Material for this task:
▼▼▼
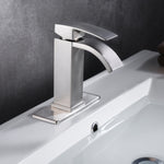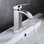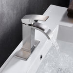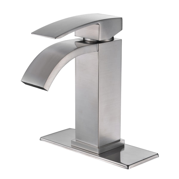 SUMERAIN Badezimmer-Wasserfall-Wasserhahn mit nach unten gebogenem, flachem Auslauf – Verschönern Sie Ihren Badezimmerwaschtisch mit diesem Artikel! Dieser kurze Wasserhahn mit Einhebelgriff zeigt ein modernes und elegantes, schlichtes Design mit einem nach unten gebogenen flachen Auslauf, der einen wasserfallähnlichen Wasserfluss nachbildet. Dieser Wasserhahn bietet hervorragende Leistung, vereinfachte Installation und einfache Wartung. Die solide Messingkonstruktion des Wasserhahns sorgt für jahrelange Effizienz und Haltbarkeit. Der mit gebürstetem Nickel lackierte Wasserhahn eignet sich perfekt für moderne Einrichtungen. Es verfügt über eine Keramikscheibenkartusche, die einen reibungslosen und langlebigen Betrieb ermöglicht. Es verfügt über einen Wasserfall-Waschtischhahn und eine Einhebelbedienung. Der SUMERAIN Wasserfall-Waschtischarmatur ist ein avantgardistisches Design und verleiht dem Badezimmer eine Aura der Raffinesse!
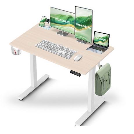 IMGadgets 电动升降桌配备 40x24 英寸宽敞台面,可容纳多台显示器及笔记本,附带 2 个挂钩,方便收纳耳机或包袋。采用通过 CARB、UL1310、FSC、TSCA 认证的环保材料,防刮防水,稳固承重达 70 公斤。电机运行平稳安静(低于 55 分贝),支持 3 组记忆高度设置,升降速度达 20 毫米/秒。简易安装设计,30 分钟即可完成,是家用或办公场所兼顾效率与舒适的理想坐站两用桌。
▲▲▲
▼▼▼
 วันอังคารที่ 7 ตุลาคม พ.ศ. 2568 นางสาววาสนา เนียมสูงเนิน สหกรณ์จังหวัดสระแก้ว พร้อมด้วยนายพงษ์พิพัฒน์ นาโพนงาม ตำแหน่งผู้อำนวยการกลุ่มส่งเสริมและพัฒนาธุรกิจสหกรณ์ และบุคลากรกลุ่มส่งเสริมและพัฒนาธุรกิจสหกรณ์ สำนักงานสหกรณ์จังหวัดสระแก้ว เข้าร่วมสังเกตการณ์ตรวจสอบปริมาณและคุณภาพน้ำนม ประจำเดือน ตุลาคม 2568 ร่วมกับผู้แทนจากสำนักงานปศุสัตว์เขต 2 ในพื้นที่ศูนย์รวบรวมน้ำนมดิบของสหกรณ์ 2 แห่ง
▲▲▲
The problem: When you reach the line with "SUMERAIN Badezimmer-Wasserfall-Wasserhahn mit" in the records above, start writing out each line exactly, and stop after the line with "IMGadgets 电动升降桌配备 40x24". Pictures stay out.

Answer space:
 SUMERAIN Badezimmer-Wasserfall-Wasserhahn mit nach unten gebogenem, flachem Auslauf – Verschönern Sie Ihren Badezimmerwaschtisch mit diesem Artikel! Dieser kurze Wasserhahn mit Einhebelgriff zeigt ein modernes und elegantes, schlichtes Design mit einem nach unten gebogenen flachen Auslauf, der einen wasserfallähnlichen Wasserfluss nachbildet. Dieser Wasserhahn bietet hervorragende Leistung, vereinfachte Installation und einfache Wartung. Die solide Messingkonstruktion des Wasserhahns sorgt für jahrelange Effizienz und Haltbarkeit. Der mit gebürstetem Nickel lackierte Wasserhahn eignet sich perfekt für moderne Einrichtungen. Es verfügt über eine Keramikscheibenkartusche, die einen reibungslosen und langlebigen Betrieb ermöglicht. Es verfügt über einen Wasserfall-Waschtischhahn und eine Einhebelbedienung. Der SUMERAIN Wasserfall-Waschtischarmatur ist ein avantgardistisches Design und verleiht dem Badezimmer eine Aura der Raffinesse!
 IMGadgets 电动升降桌配备 40x24 英寸宽敞台面,可容纳多台显示器及笔记本,附带 2 个挂钩,方便收纳耳机或包袋。采用通过 CARB、UL1310、FSC、TSCA 认证的环保材料,防刮防水,稳固承重达 70 公斤。电机运行平稳安静(低于 55 分贝),支持 3 组记忆高度设置,升降速度达 20 毫米/秒。简易安装设计,30 分钟即可完成,是家用或办公场所兼顾效率与舒适的理想坐站两用桌。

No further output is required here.